EXERCISE INPUTS —
▬▬▬
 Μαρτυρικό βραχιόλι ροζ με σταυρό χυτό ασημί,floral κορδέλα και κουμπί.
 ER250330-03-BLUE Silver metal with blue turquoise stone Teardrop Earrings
▬▬▬
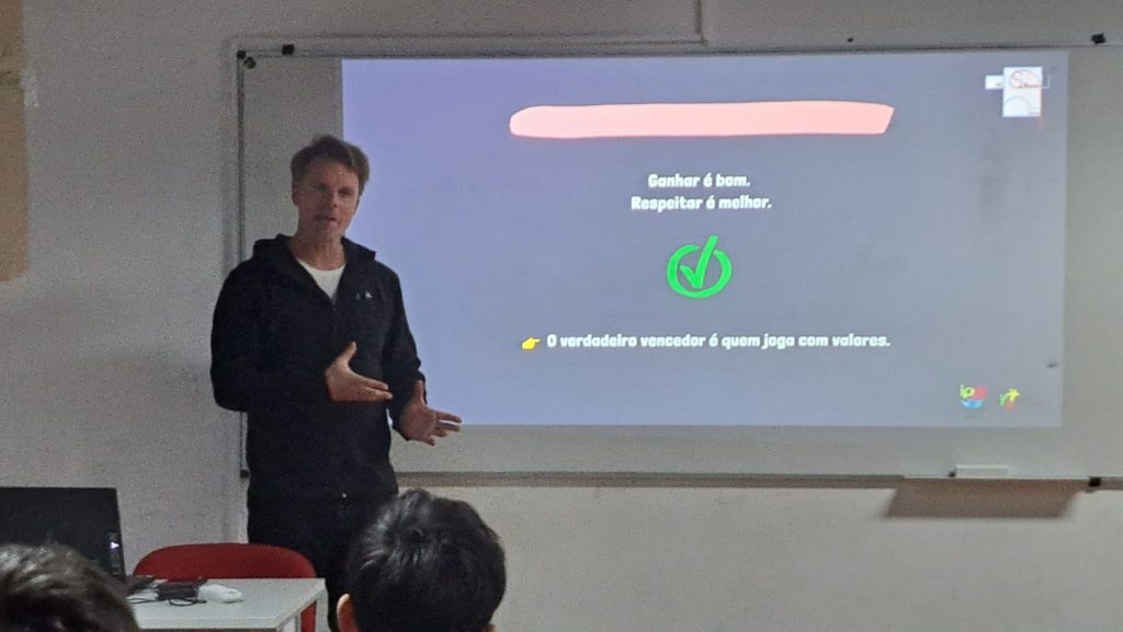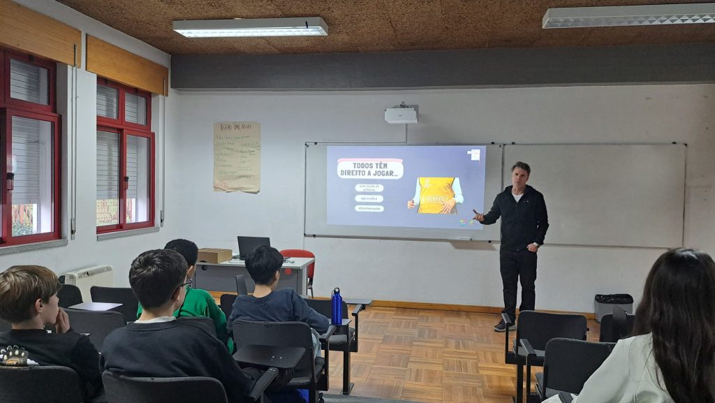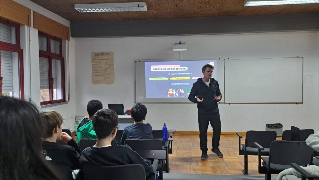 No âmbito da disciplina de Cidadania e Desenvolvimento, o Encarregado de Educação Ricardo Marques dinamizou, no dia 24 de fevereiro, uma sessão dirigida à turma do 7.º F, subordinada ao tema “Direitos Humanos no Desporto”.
▬▬▬
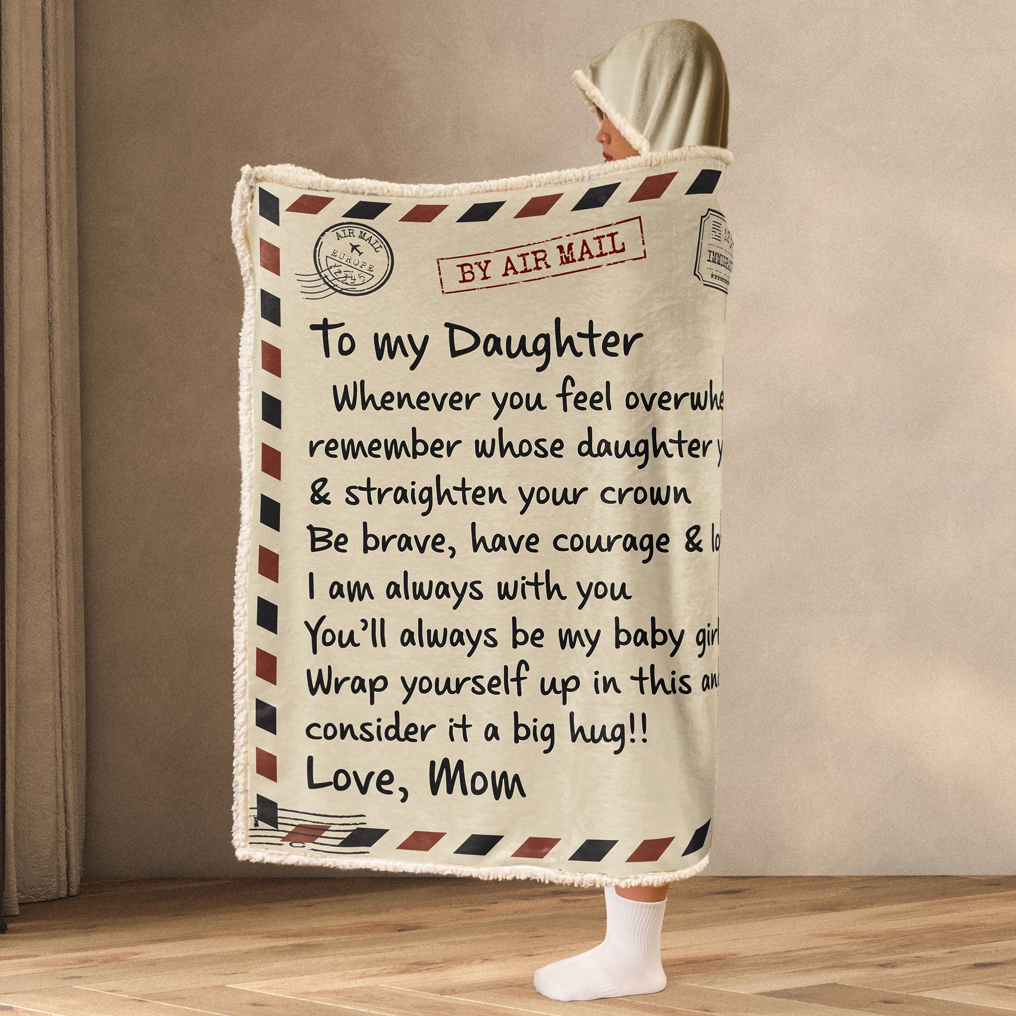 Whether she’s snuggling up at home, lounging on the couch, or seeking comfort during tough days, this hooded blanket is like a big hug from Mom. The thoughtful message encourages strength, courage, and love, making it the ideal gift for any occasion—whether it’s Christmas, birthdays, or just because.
▬▬▬
ASSIGNED TASK —
In the records above, find the line with "Μαρτυρικό βραχιόλι ροζ"; write out exactly that line and each one after it, stopping after the line with "ER250330-03-BLUE Silver metal".

OUTPUT FOR THIS EXERCISE —
 Μαρτυρικό βραχιόλι ροζ με σταυρό χυτό ασημί,floral κορδέλα και κουμπί.
 ER250330-03-BLUE Silver metal with blue turquoise stone Teardrop Earrings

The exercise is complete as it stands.